A Little Christmas Perspective

Coat of Arms of North Korea
Coat of Arms of North Korea (Photo credit: Wikipedia)

Chapter-a-Day 1 Corinthians 10

Don’t be concerned for your own good but for the good of others. 1 Corinthians 10:24 (NLT)

I live in the land of the First Amendment. We have rights and we’re not afraid to use them. We have freedom and we’re happy to exercise it (often to excess). Human rights and freedom are good things. They are blessed things. But, I’ve come to believe over time that our rights and our freedoms tend, on the whole, to breed self-centric thoughts, actions and motivations. I sometimes scratch my receding hair line and wonder where it is ultimately leading us.

This morning over our morning coffee and tea Wendy and I read an editorial from the Wall Street Journal by Melanie Kirkpatrick about believers in North Korea, where religion is banned altogether. There are no freedoms there and the average human has no rights in the eyes of the state. Christians are executed, their families imprisoned and persecuted. “Church” for believers in North Korea could literally be sitting silently in proximity of another believer:

North Korean Christians necessarily worship in secret. Many of the congregations are small family units consisting of just a husband and wife and, when they are old enough to keep a secret, their children. Other times a handful of Christians form a kind of congregation in motion. A worker for Open Doors explains how it works: “A Christian goes and sits on a bench in the park. Another Christian comes and sits next to him. Sometimes it is dangerous even to speak to one another, but they know they are both Christians, and at such a time, this is enough.”

And yet, as history has proven time and time and time again, our faith flourishes in the midst of persecution (and slowly recedes over time with freedom and license):

Yet despite this repression, something is happening that many characterize as nothing short of a miracle: Christianity appears to be growing in North Korea. Open Doors International, which tracks the persecution of Christians world-wide, puts the number of Christians in North Korea at between 200,000 and 400,000.

Today is Christmas Eve day. I’m looking forward to feasting with family, to gifts given and received, and to time with those I love. This afternoon Wendy and I will drive down the street and openly join thousands of others to worship and celebrate our Savior’s birth. Half a world away, our spiritual family members may secretly and fearfully sit on a park bench with one another. They will not make eye contact. They will not speak to one another. There will be no feast, no gifts given, and no open worship. They will simply sit together on opposite sides of a bench and silently join hearts in celebrating our Savior’s birth.

I get the sense that in terms of God’s economy they are spiritually the richer for it.
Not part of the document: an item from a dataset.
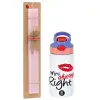 Mrs always right kiss, Easter Set, Children's thermal stainless steel water bottle with safety straw, pink/purple (350ml) & Easter scented flat candle (30cm) (PINK)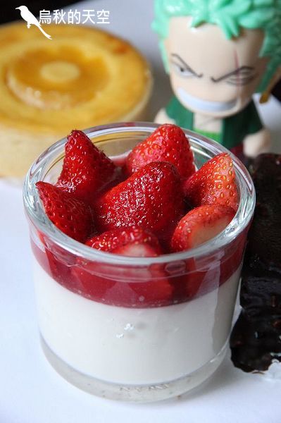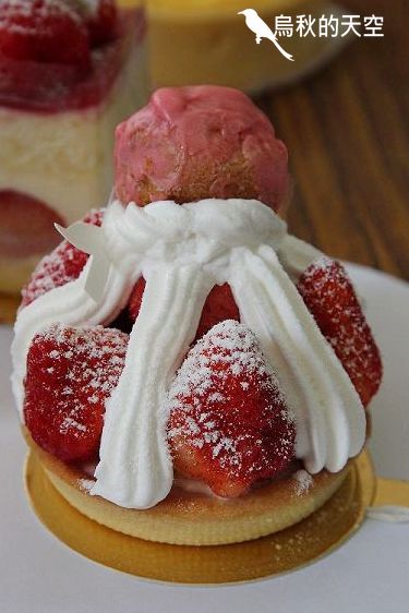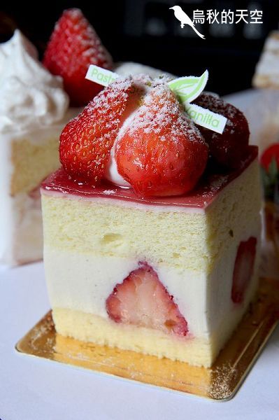 上頭是新鮮的大草莓灑上糖霜粉,中間是香草蛋糕搭上香草慕斯,有著奶凍的口感

Nevertheless, I will pray for them and think of them as I worship, and feast, and receive, and make merry. They put all that I will experience today and tomorrow in much needed perspective.

“Happy Christmas to all, and to all a good night.”

2 thoughts on “A Little Christmas Perspective”

  1. Thanks for the great reminder; It is so easy to get consumed by the festivities of Christmas and think everyone has it just like we do. I will join you in praying for our brothers and sisters around the world who don’t know the freedoms we take for granted.